To that end, the Board first looked into whether the Transaction had the object of restricting competition. Referring to the Guidelines on Horizontal Cooperation Agreements, the Board noted that, in cases where the parties agree on matters directly concerning production agreements (such as the capacity and production volumes of a joint venture or the amount of products that would be outsourced to third parties, etc.), the agreement does not amount to a restriction of competition by object, provided that the agreement in question does not restrict or eliminate other parameters of competition. In light of this principle, the Board decided that the Transaction did not have the object of restricting competition, despite the fact that the JV would be active not only in the production of electrically powered cars, but would also enable the Parties to determine (i) the number of cars produced and sold by the JV, (ii) sales territories, and (iii) prices.

The Board also examined the relevant market dynamics by taking into consideration the specific features of the market involved herein, namely the market for "electrically powered vehicles.2" Accordingly, the Board observed that this is a rapidly evolving and highly dynamic market, which requires high levels of investment, sophisticated distribution networks, and technical expertise. Taking these facts into consideration, the Board concluded that the Parties would be unable to carry out production by their own means, and therefore, the SPA was unlikely to create any anticompetitive effects.

Furthermore, bearing in mind that production agreements are unlikely to pose a constraint on competition when the parties involved in the agreement do not enjoy high market powers, the Board analysed the market shares attributed to the Parties' overlapping activities in order to assess the effects of the Transaction on competition. In this regard, the Board found that Anadolu Group and Kök Ulaşım (through its affiliated company, Karsan) were active in the market for passenger cars and light commercial vehicles, while BMC was active in the market for heavy commercial vehicles. In light of the fact that these two markets are related to one another, the Board reviewed the market shares of Anadolu Group, Karsan and BMC in the markets for both (i) passenger cars and light commercial vehicles, and (ii) heavy commercial vehicles, and concluded that they did not reveal or indicate any elevated market power that would raise any competition law concerns. The Board reached a similar conclusion with regard to the markets for electricity generation (in which Zorlu is active through a subsidiary) and electricity distribution (where Turkcell is a retailer of electricity services).
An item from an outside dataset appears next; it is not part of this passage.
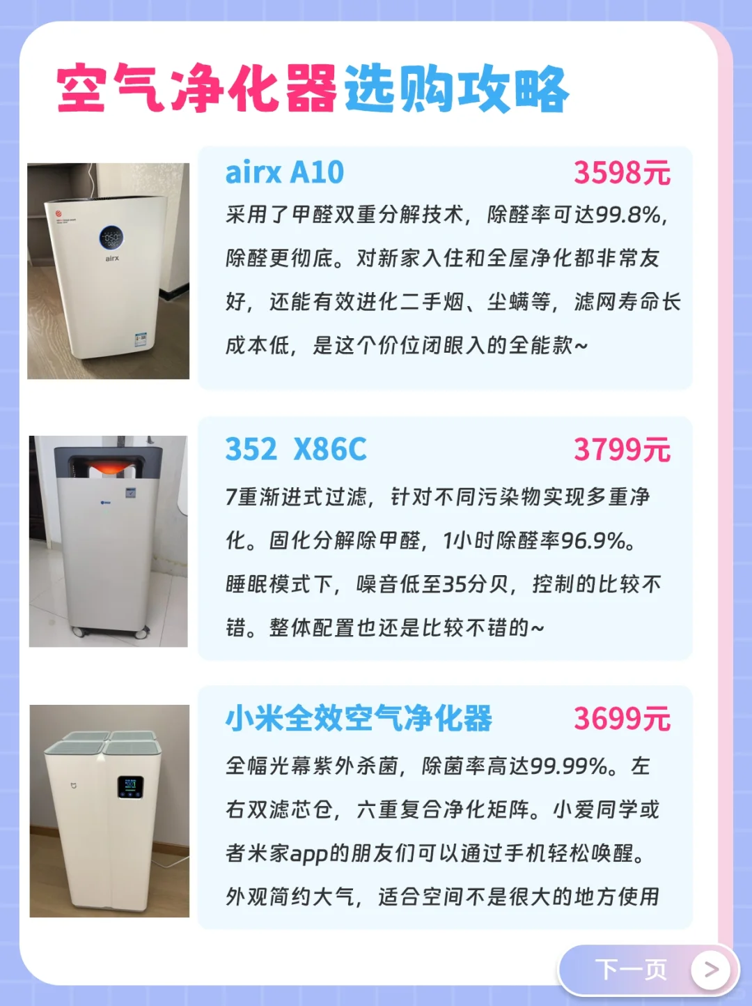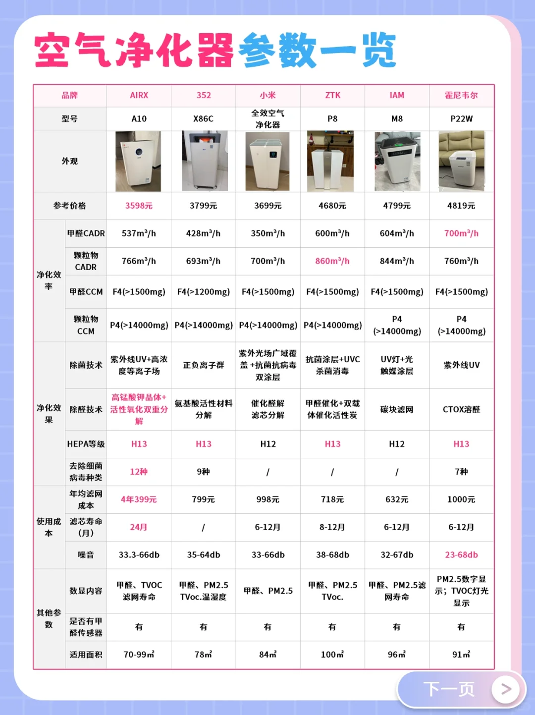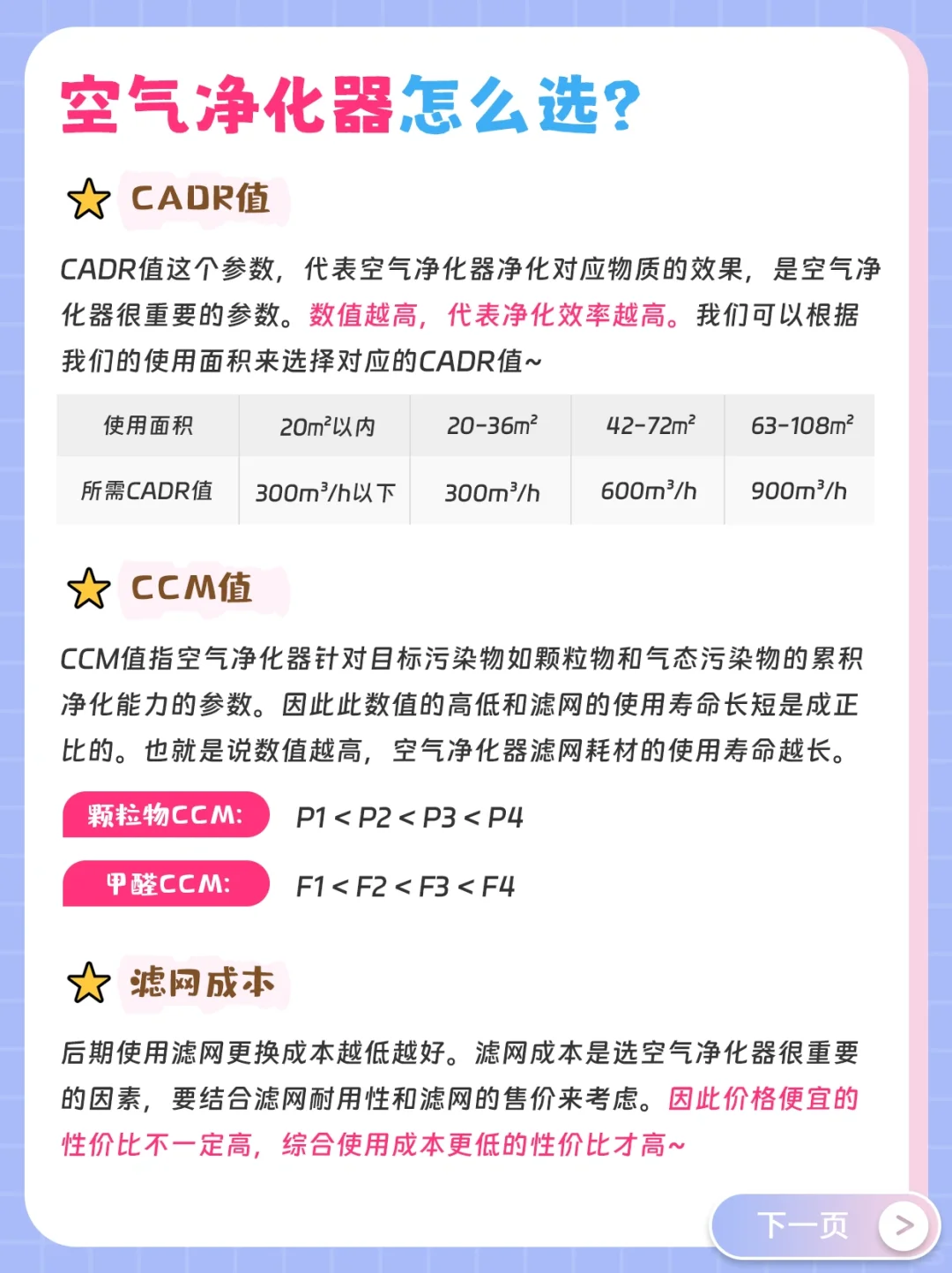 后期使用滤网更换成本越低越好。滤网成本是选空气净化器很重要的因素,要结合滤网耐用性和滤网的售价来考虑。因此价格便宜的性价比不一定高,综合使用成本更低的性价比才高~

With respect to the battery manufacturing market, in which the affiliates of TOBB and Zorlu are active, the Board deemed that the market shares of these undertakings were unlikely to result in constraints on competition, as TOBB's activities concerning batteries focused on the defense industry, while Zorlu's activities primarily concerned electric vehicles.

Finally, the Board determined that, since the JV would essentially produce electrically powered vehicles (and would not manufacture products that would be used as inputs for the Parties' businesses), the Transaction would not lead to "commonality of costs". Moreover, the Board found that the SPA did not include any provisions that would give rise to a collusive outcome or bring about an information exchange leading to market foreclosure.
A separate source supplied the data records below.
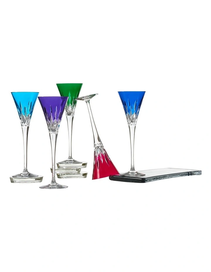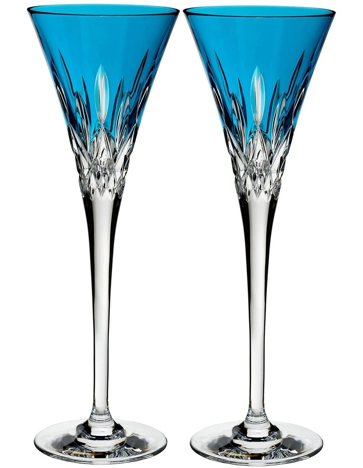 Synonymous with luxury and good living, the Waterford Crystal Lismore pattern has been the number one selling crystal stemware pattern for more than 60 years. Like a celebratory Champagne cork, Lismore’s bold vibrant colours simply POP with effervescent energy and chic sophistication. Live a colourful life with stunning barware in Cobalt, Emerald, Purple, Orange, Aqua, Pink and Clear. The exclusive Waterford colour process brings sharp colours right to the cutting edge, lending Lismore Pops the luxurious look of traditional cased crystal at a price everyone can enjoy. The Aqua Flute Pair will enhance any drink you serve, defying traditional drinkware styling.
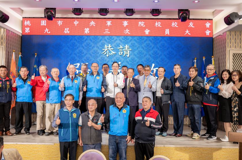 桃園市長張善政21日中午前往中壢區,出席「桃園市中央軍事院校校友會會員大會」。張市長表示,桃園市中央軍事院校校友會會員們擁有革命般的情誼,感謝第九屆理事長羅吉源帶領會員投入桃園各項公益活動,積極照顧弱勢族群,並期勉新任理事長李東成持續引領會員,發揮其影響力,協力推動桃園更加進步、更加溫暖。
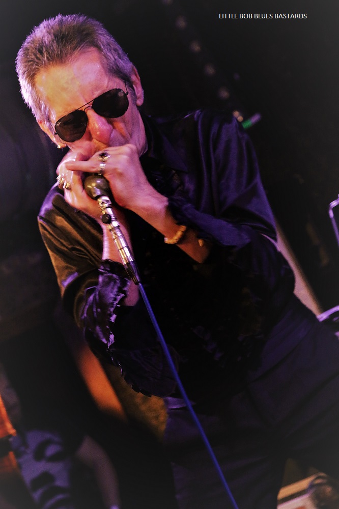 Que ce soit sous le vocable de LITTLE BOB, LITTLE BOB STORY ou maintenant LITTLE BOB BLUES BASTARDS, Roberto Piazza et son rock n’roll « from le Havre » n’a jamais retourné son perfecto et il est resté, fidèle au rock. Un rock vrai, pur, rebelle parfois, dénonciateur aussi accompagné sur cette tournée par des musiciens éprouvés, concernés par cette démarche intense et émotionnelle. Au passage nous notons la présence derrière les fûts de Nico Garotin compère de toujours et bien entendu Bertrand à la contrebasse remarquée, Gilles à la guitare scalpel et Mickey à l’harmonica bluesy. Après plus de 40 ans de route « le hurleur d’un mètre soixante » n’a cessé de vivre son rock n’roll, son blues et celui des personnes rencontrées au hasard de la vie, qu’elle soit musicale ou bien celle de tous les jours avec des anecdotes à la clé pour les laissés pour compte, les « cabossés » de la vie, c’est aussi le rock n’roll avec un grand « R ». Musicalement aujourd’hui Little Bob et son groupe n’ont de leçons à recevoir de personne et continuent donc à tourner, la tournée actuelle étant effectuée afin de promouvoir un nouvel album intitulé « new day coming ». Mais l’on se doute bien que c’est l’occasion de rencontrer à nouveau son public que ce soit en France où à l’étranger, notamment en Angleterre où Little Bob est connu comme le « loup blanc ». Alors ici ce soir dans un brin de Zinc plein comme un œuf, Little Bob Blues Bastards impressionne avec à la clé un voyage dans le temps mais aussi des émotions en acceptant le sourire et la gentillesse de cette légende du rock-blues qui n’a pas choisi le chemin facile du « mainstream » mais la pureté originelle du blues et du rock. Les titres s’égrènent, des anciens des nouveaux, du Woody Guthrie et tout se termine avec le fameux « riot in Toulouse ». Mais ne partez pas, Little Bob est généreux et nous offre plusieurs rappels dont le dernier qui n’est autre que « lucille », où quand Little Bob reprend Little Richard, que du bonheur donc ! Soirée magique donc, soirée hors du temps qu’il ne fallait surtout pas manquer. Alors merci à ces rockeurs cultes et bien sûr merci au Brin de Zinc pour l’accueil toujours bien apprécié. |

As a result, the Board ultimately concluded that the SPA and the JV did not have the object or effect of restricting competition. Therefore, the Board granted negative clearance to the Transaction Agreements, pursuant to Article 8 of the Law No. 4054.
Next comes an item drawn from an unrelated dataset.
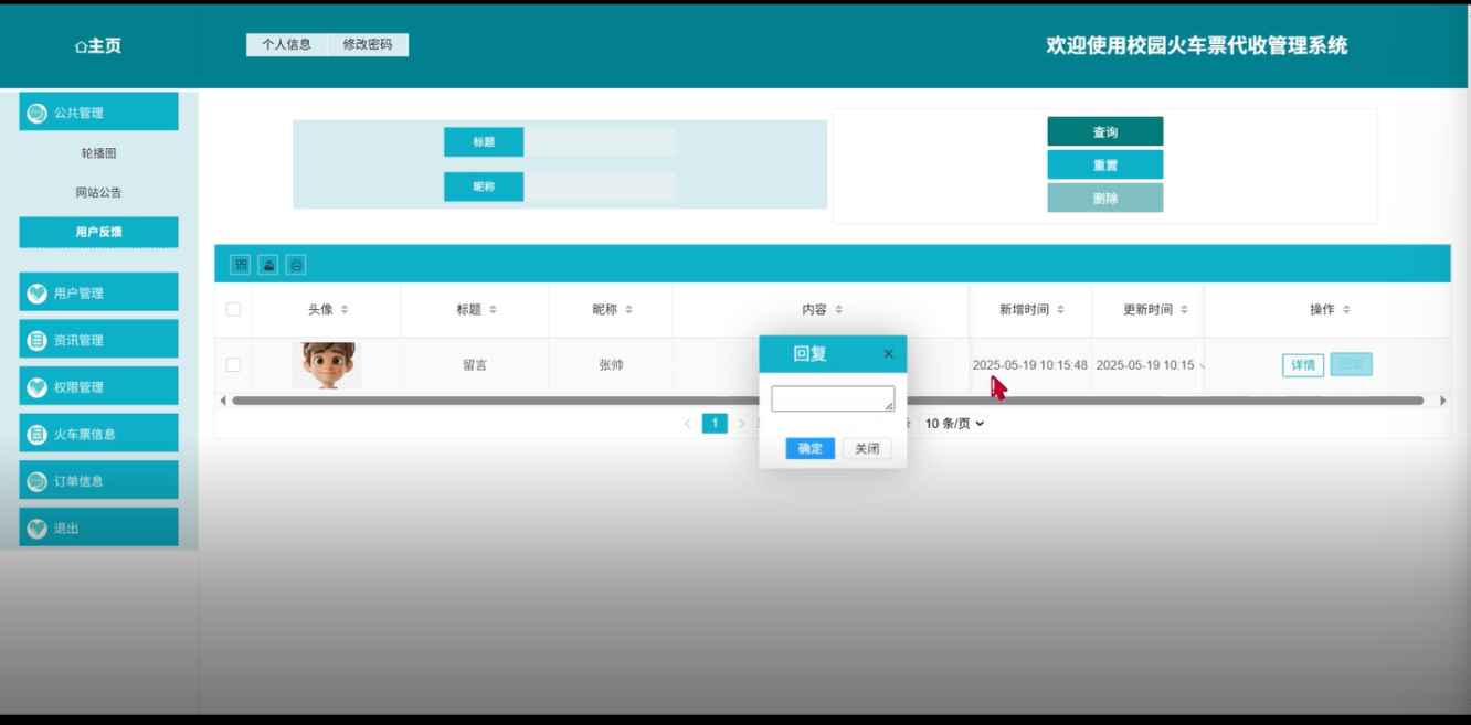 用户反馈:注册用户可以通过反馈模块向管理员或系统提出问题或建议。反馈可以是关于火车票购买流程的问题、系统操作上的疑虑或用户体验方面的改进意见,帮助管理员更好地提升系统功能和服务质量。

This article was first published in Legal Insights Quarterly by ELIG Gürkaynak Attorneys-at-Law in March 2019. A link to the full Legal Insight Quarterly may be found here.


Footnotes

1. The Board's decision dated September 26,2018, and numbered 18-34/566-279.

2. Taking into account the current market positions of the Parties in the automobile sector, and considering that none of the Parties had produced electrically powered cars prior to the Transaction, the Board did not find it necessary to provide a precise relevant product market definition in this case, and hence, left the relevant product market definition open.